Records from a dataset

▽

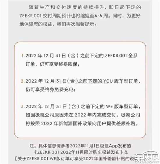 我于2022.12.17下定极氪001当时销售代表极氪承诺2022年下定的车子在订单有效期内提车就可以享受终身质保(订单有效期为365天)并且极氪厂家将承担12600元的国补,12月官方也是这样宣传的但是2023.1.1极氪发布公告要求2022年下定的客户如果想要国补和终身质保必须在2023.3.31日前提车否则自动变为2023款车型(厂家不承担国补没有终身质保)与下定时官方承诺的政策不符强迫用户二选一,本人现在对极氪已经没有任何信任可言要求极氪退定金。
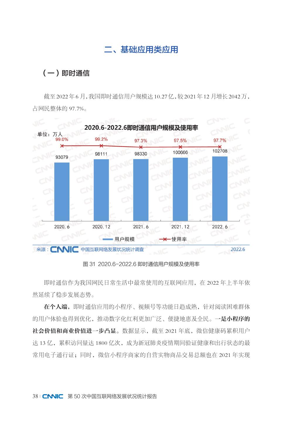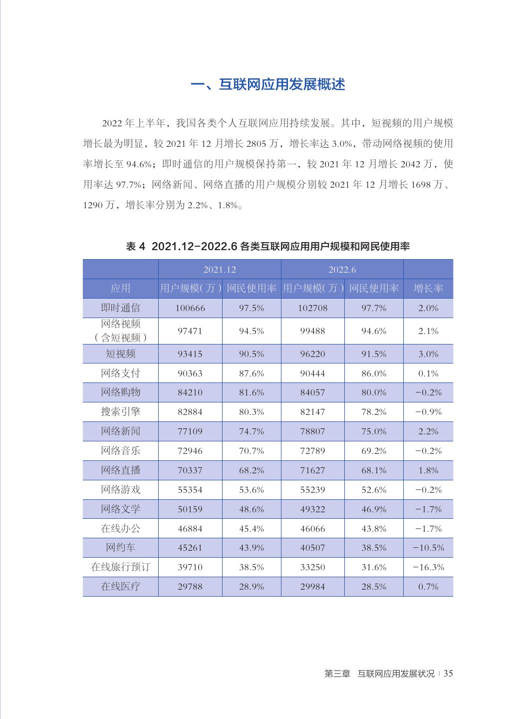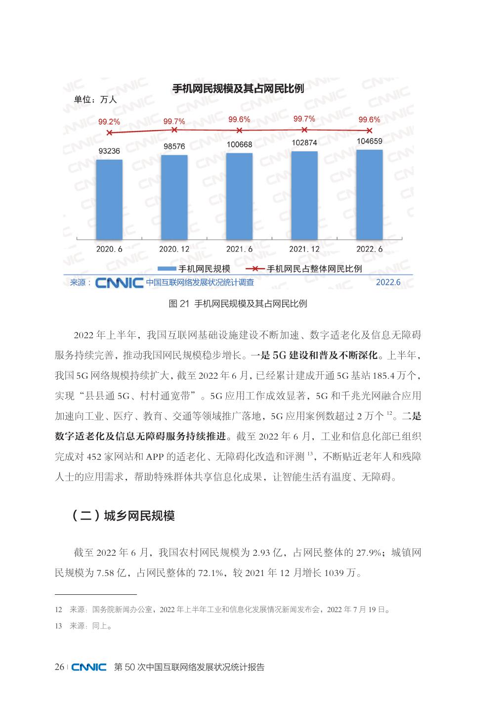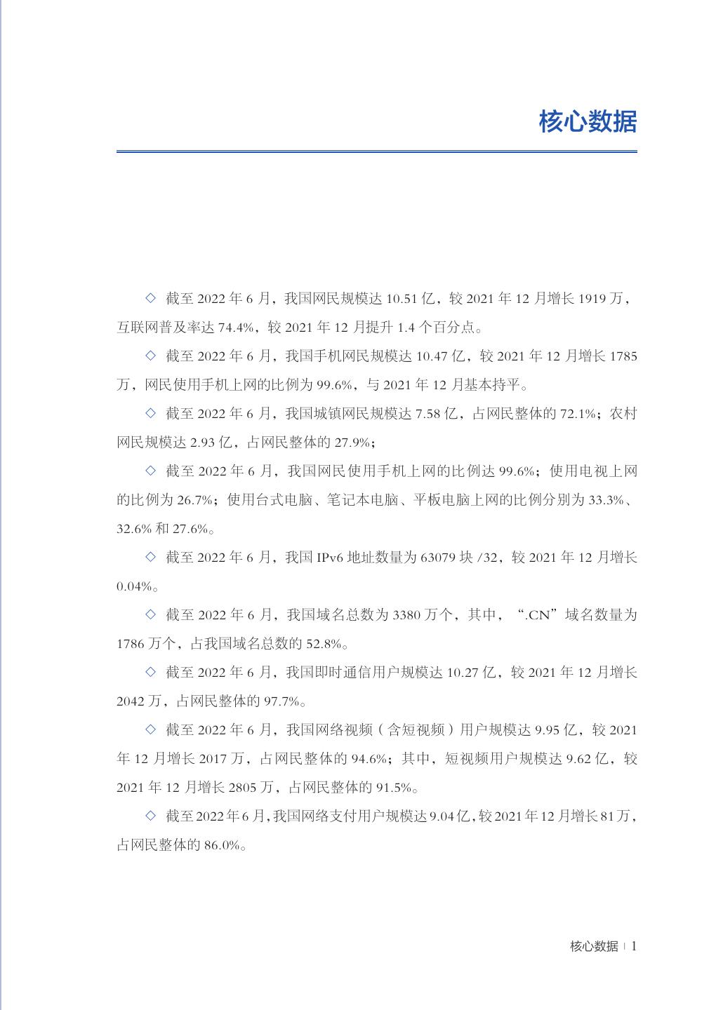11 . 核心数据 ◇ 截至 2022 年 6 月,我国网民规模达 10.51 亿,较 2021 年 12 月增长 1919 万, 互联网普及率达 74.4%,较 2021 年 12 月提升 1.4 个百分点。 ◇ 截至 2022 年 6 月,我国手机网民规模达 10.47 亿,较 2021 年 12 月增长 1785 万,网民使用手机上网的比例为 99.6%,与 2021 年 12 月基本持平。 ◇ 截至 2022 年 6 月,我国城镇网民规模达 7.58 亿,占网民整体的 72.1%;农村 网民规模达 2.93 亿,占网民整体的 27.9%; ◇ 截至 2022 年 6 月,我国网民使用手机上网的比例达 99.6%;使用电视上网 的比例为 26.7%;使用台式电脑、笔记本电脑、平板电脑上网的比例分别为 33.3%、 32.6% 和 27.6%。 ◇ 截至 2022 年 6 月,我国 IPv6 地址数量为 63079 块 /32,较 2021 年 12 月增长 0.04%。 ◇ 截至 2022 年 6 月,我国域名总数为 3380 万个,其中,“.CN”域名数量为 1786 万个,占我国域名总数的 52.8%。 ◇ 截至 2022 年 6 月,我国即时通信用户规模达 10.27 亿,较 2021 年 12 月增长 2042 万,占网民整体的 97.7%。 ◇ 截至 2022 年 6 月,我国网络视频(含短视频)用户规模达 9.95 亿,较 2021 年 12 月增长 2017 万,占网民整体的 94.6%;其中,短视频用户规模达 9.62 亿,较 2021 年 12 月增长 2805 万,占网民整体的 91.5%。 ◇ 截至 2022 年 6 月,我国网络支付用户规模达 9.04 亿,较 2021 年 12 月增长 81 万, 占网民整体的 86.0%。 核心数据 | 1
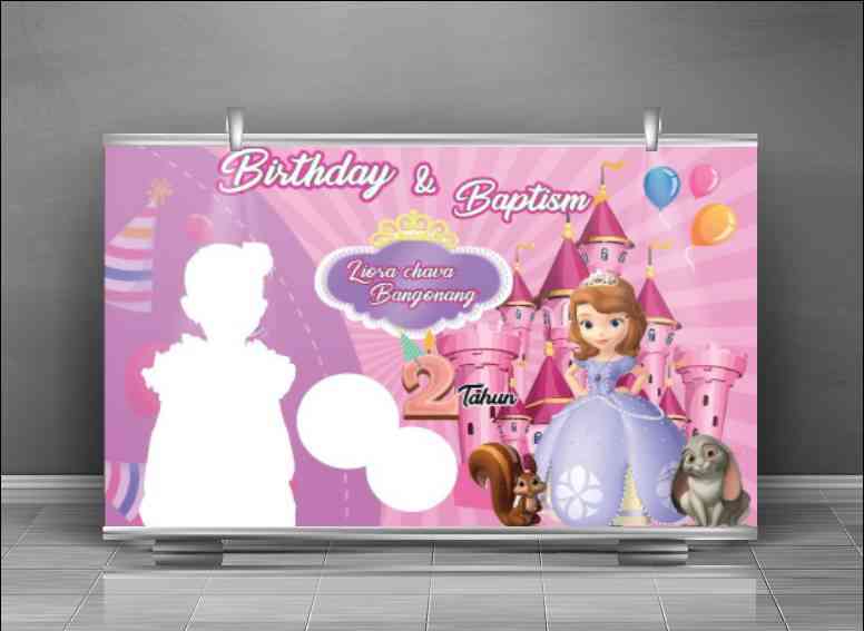 Selamat ulang tahun yang penuh keajaiban! Baliho ini menghadirkan suasana kerajaan yang magis dengan tema Putri Sofia, karakter putri cantik dari duni...
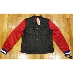Levis Womens New York Giants Varsity Denim Jacket Blue/Red Size XXL
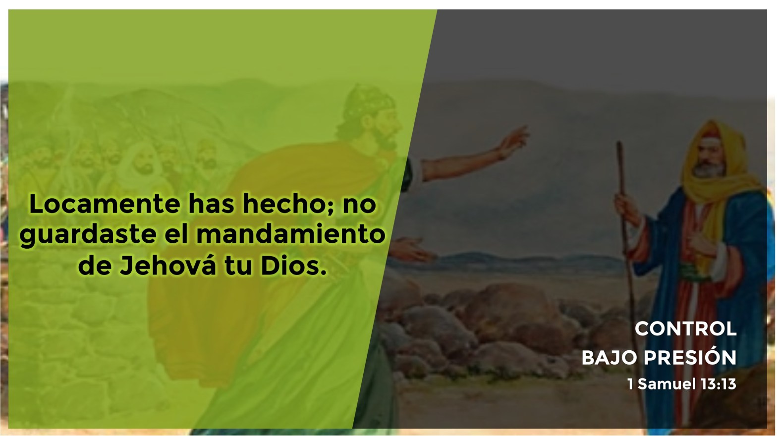 “Y él esperó siete días, conforme al plazo que Samuel había dicho; pero Samuel no venía a Gilgal, y el pueblo se le desertaba. Entonces dijo Saúl: Traedme holocausto y ofrendas de paz. Y ofreció el holocausto. Y cuando él acababa de ofrecer el holocausto, he aquí Samuel que venía; y Saúl salió a recibirle, para saludarle. Entonces Samuel dijo: ¿Qué has hecho? Y Saúl respondió: Porque vi que el pueblo se me desertaba, y que tú no venías dentro del plazo señalado, y que los filisteos estaban reunidos en Micmas, me dije: Ahora descenderán los filisteos contra mí a Gilgal, y yo no he implorado el favor de Jehová. Me esforcé, pues, y ofrecí holocausto. Entonces Samuel dijo a Saúl: Locamente has hecho; no guardaste el mandamiento de Jehová tu Dios que él te había ordenado; pues ahora Jehová hubiera confirmado tu reino sobre Israel para siempre.”
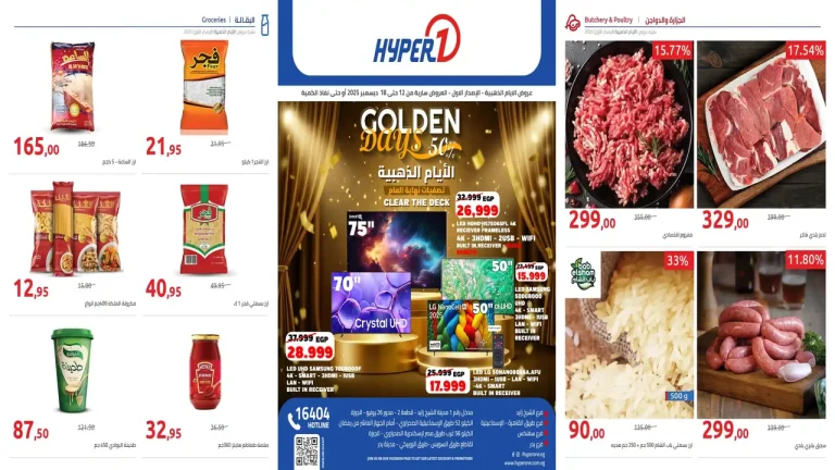 عروض الاسبوع من هايبروان سارية من 12 ديسمبر حتى 18 ديسمبر 2025 الايام الذهبية او حتى نفاذ الكمية بجميع فروع هايبر وان
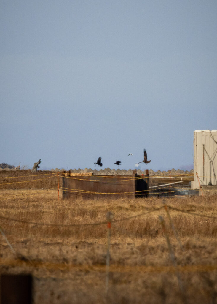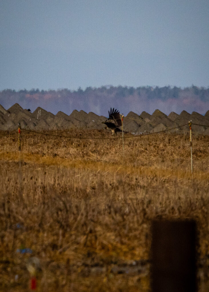 この写真は海岸沿いの防波堤近くで撮影。霧の中、杭の上に止まり周囲を見渡していました。背景の消波ブロックと霧が、オジロワシの力強さと静けさを引き立てています。
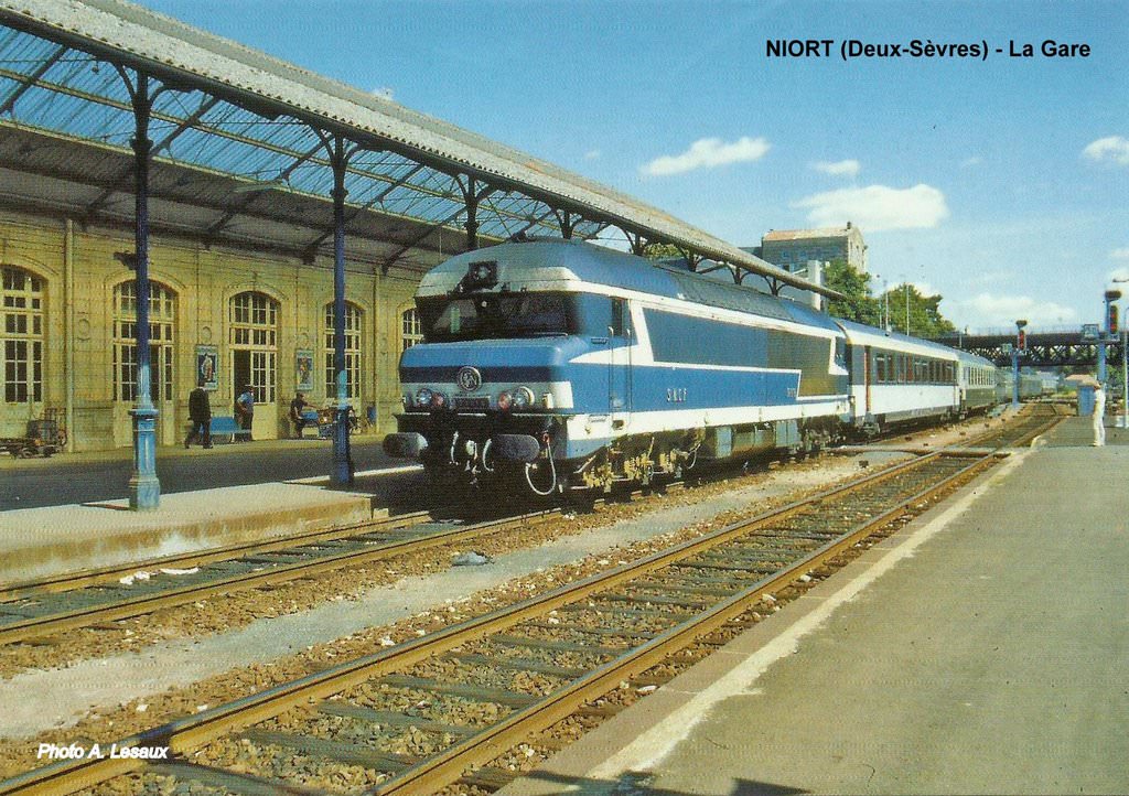 NIORT (Deux-Sèvres) - Ligne de Poitiers à La Rochelle - Train "Corail" tracté par la CC 72018 entrant en gare.
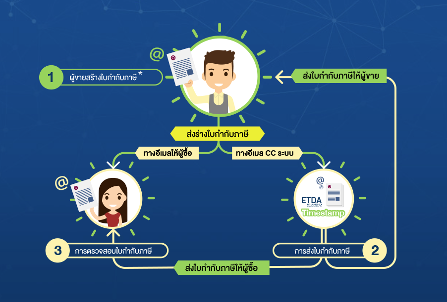 เมื่อท่านเลือกการส่งใบกำกับภาษีแบบ e-Tax Invoice ใบกำกับภาษีใบนั้นจะถูกส่งไปยังอีเมลของลูกค้า และส่งไปยัง ETDA เพื่อประทับรับรองเวลา และจะส่ง e-Tax Invoice ที่ประทับรับรองเวลาแล้ว ไปยังผู้ขายและผู้ซื้อเพื่อยืนยันความถูกต้องอีกครั้งหนึ่ง ทุกขั้นตอนที่กล่าวมานี้ EASY-ACC V2 จะทำงานทั้งหมดแบบอัตโนมัติเพียงคลิกเดียวเท่านั้น

△

:: What the exercise asks ::
The job here is to retype the data exactly, with no pictures included.

:: Answer area ::
 我于2022.12.17下定极氪001当时销售代表极氪承诺2022年下定的车子在订单有效期内提车就可以享受终身质保(订单有效期为365天)并且极氪厂家将承担12600元的国补,12月官方也是这样宣传的但是2023.1.1极氪发布公告要求2022年下定的客户如果想要国补和终身质保必须在2023.3.31日前提车否则自动变为2023款车型(厂家不承担国补没有终身质保)与下定时官方承诺的政策不符强迫用户二选一,本人现在对极氪已经没有任何信任可言要求极氪退定金。
11 . 核心数据 ◇ 截至 2022 年 6 月,我国网民规模达 10.51 亿,较 2021 年 12 月增长 1919 万, 互联网普及率达 74.4%,较 2021 年 12 月提升 1.4 个百分点。 ◇ 截至 2022 年 6 月,我国手机网民规模达 10.47 亿,较 2021 年 12 月增长 1785 万,网民使用手机上网的比例为 99.6%,与 2021 年 12 月基本持平。 ◇ 截至 2022 年 6 月,我国城镇网民规模达 7.58 亿,占网民整体的 72.1%;农村 网民规模达 2.93 亿,占网民整体的 27.9%; ◇ 截至 2022 年 6 月,我国网民使用手机上网的比例达 99.6%;使用电视上网 的比例为 26.7%;使用台式电脑、笔记本电脑、平板电脑上网的比例分别为 33.3%、 32.6% 和 27.6%。 ◇ 截至 2022 年 6 月,我国 IPv6 地址数量为 63079 块 /32,较 2021 年 12 月增长 0.04%。 ◇ 截至 2022 年 6 月,我国域名总数为 3380 万个,其中,“.CN”域名数量为 1786 万个,占我国域名总数的 52.8%。 ◇ 截至 2022 年 6 月,我国即时通信用户规模达 10.27 亿,较 2021 年 12 月增长 2042 万,占网民整体的 97.7%。 ◇ 截至 2022 年 6 月,我国网络视频(含短视频)用户规模达 9.95 亿,较 2021 年 12 月增长 2017 万,占网民整体的 94.6%;其中,短视频用户规模达 9.62 亿,较 2021 年 12 月增长 2805 万,占网民整体的 91.5%。 ◇ 截至 2022 年 6 月,我国网络支付用户规模达 9.04 亿,较 2021 年 12 月增长 81 万, 占网民整体的 86.0%。 核心数据 | 1
 Selamat ulang tahun yang penuh keajaiban! Baliho ini menghadirkan suasana kerajaan yang magis dengan tema Putri Sofia, karakter putri cantik dari duni...
Levis Womens New York Giants Varsity Denim Jacket Blue/Red Size XXL
 “Y él esperó siete días, conforme al plazo que Samuel había dicho; pero Samuel no venía a Gilgal, y el pueblo se le desertaba. Entonces dijo Saúl: Traedme holocausto y ofrendas de paz. Y ofreció el holocausto. Y cuando él acababa de ofrecer el holocausto, he aquí Samuel que venía; y Saúl salió a recibirle, para saludarle. Entonces Samuel dijo: ¿Qué has hecho? Y Saúl respondió: Porque vi que el pueblo se me desertaba, y que tú no venías dentro del plazo señalado, y que los filisteos estaban reunidos en Micmas, me dije: Ahora descenderán los filisteos contra mí a Gilgal, y yo no he implorado el favor de Jehová. Me esforcé, pues, y ofrecí holocausto. Entonces Samuel dijo a Saúl: Locamente has hecho; no guardaste el mandamiento de Jehová tu Dios que él te había ordenado; pues ahora Jehová hubiera confirmado tu reino sobre Israel para siempre.”
 عروض الاسبوع من هايبروان سارية من 12 ديسمبر حتى 18 ديسمبر 2025 الايام الذهبية او حتى نفاذ الكمية بجميع فروع هايبر وان
 この写真は海岸沿いの防波堤近くで撮影。霧の中、杭の上に止まり周囲を見渡していました。背景の消波ブロックと霧が、オジロワシの力強さと静けさを引き立てています。
 NIORT (Deux-Sèvres) - Ligne de Poitiers à La Rochelle - Train "Corail" tracté par la CC 72018 entrant en gare.
 เมื่อท่านเลือกการส่งใบกำกับภาษีแบบ e-Tax Invoice ใบกำกับภาษีใบนั้นจะถูกส่งไปยังอีเมลของลูกค้า และส่งไปยัง ETDA เพื่อประทับรับรองเวลา และจะส่ง e-Tax Invoice ที่ประทับรับรองเวลาแล้ว ไปยังผู้ขายและผู้ซื้อเพื่อยืนยันความถูกต้องอีกครั้งหนึ่ง ทุกขั้นตอนที่กล่าวมานี้ EASY-ACC V2 จะทำงานทั้งหมดแบบอัตโนมัติเพียงคลิกเดียวเท่านั้น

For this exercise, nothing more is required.